Just in case you have a little free time this afternoon, and you decide you need a little something sweet, and you can’t decide what to make, I thought I might post the recipe to  “Aunt Betsy’s Rocky Road Squares.”   Because these are exactly what you need for your sweet -tooth’s munchie habit today.  Listen, you can’t go wrong with marshmallows, chocolate and graham crackers…

Here’s the recipe in my dear Grandma B’s handwriting (Ann Brubacher, my grandma and Aunt Betsy’s sister…) I just love having this recipe written by hand, it makes it that much more special to me. and yes, I know I unfortunately got a tiny bit of melted butter on the paper; it was an accident.  I’ll type the recipe out in full below in case you can’t quite read the writing.

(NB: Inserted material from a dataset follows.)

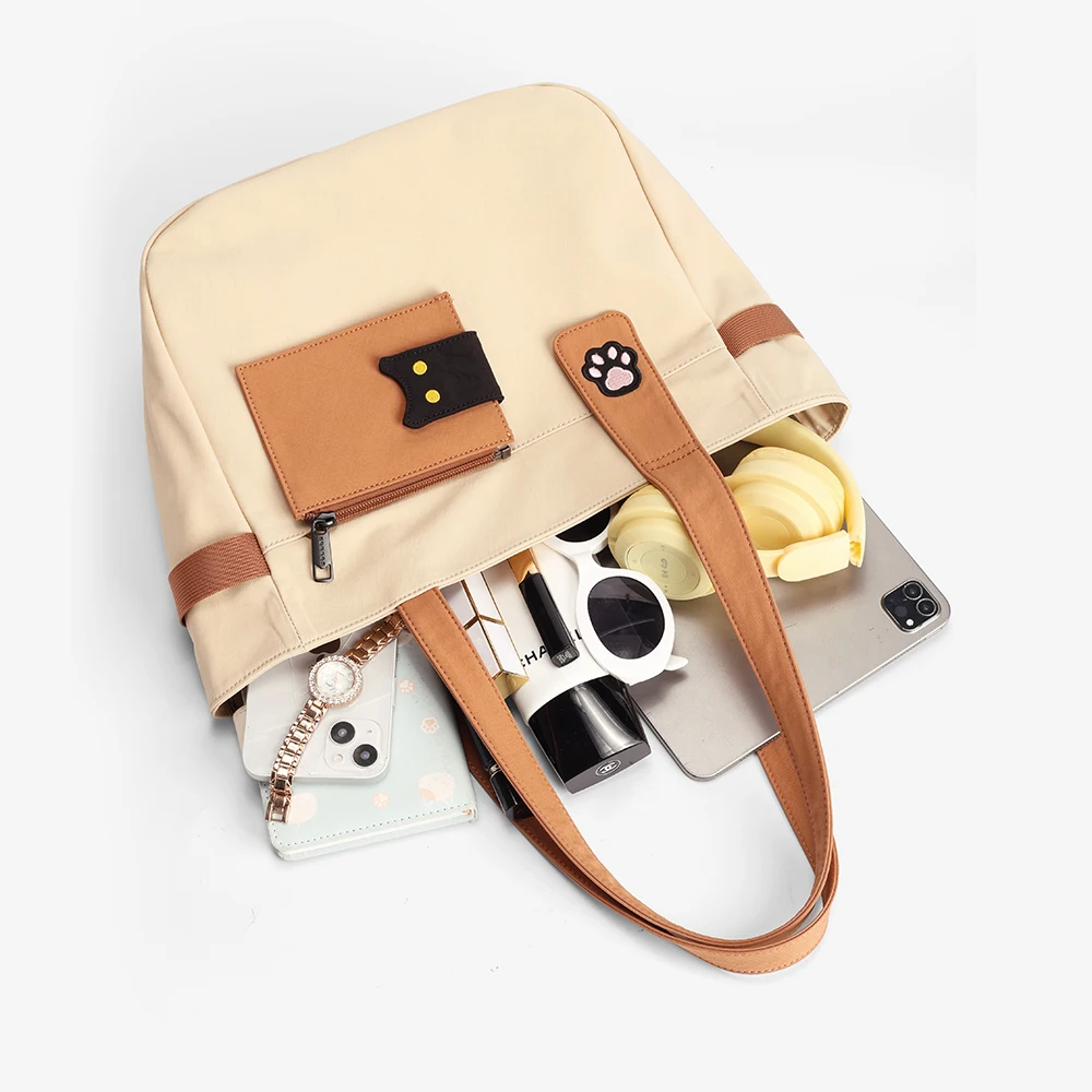 NOXXON Polyester Tote Bag Waterproof Single Shoulder Bag Custom Tote With Zipper Large Capacity BookBag Tote Bag for College

There is no way that you won’t love these!!!  I promise!

Okay, here’s the recipe for Rocky Road Squares (In case you didn’t know, if you’re Canadian, its a “square.”  If you’re American, its a “bar.”):

Ingredients

6oz chocolate chips, 1/2 cup margarine, 1 egg (preferably at room temp), 1 cup confectioner’s sugar, 2 cups mini marshmallows, graham crackers ( to line the bottom of the pan.

Instructions:

line your 9×9 pan with graham crackers.  melt chocolate chips and margarine in pan over medium heat.  remove from heat and add 1 egg to the chocolate mixture.  ( I usually temper the egg with a bit of the chocolate mixture, then vigorously whisk the egg into the chocolate)  next add the sugar.  wait for mixture to cool for a bit before adding the marshmallows. spread chocolate-marshmallow mixture over the graham crackers.  chill in the refrigerator til  firm, cut and serve.

I recommend enjoying these delightful treats with a tall glass of milk!   You can thank me later.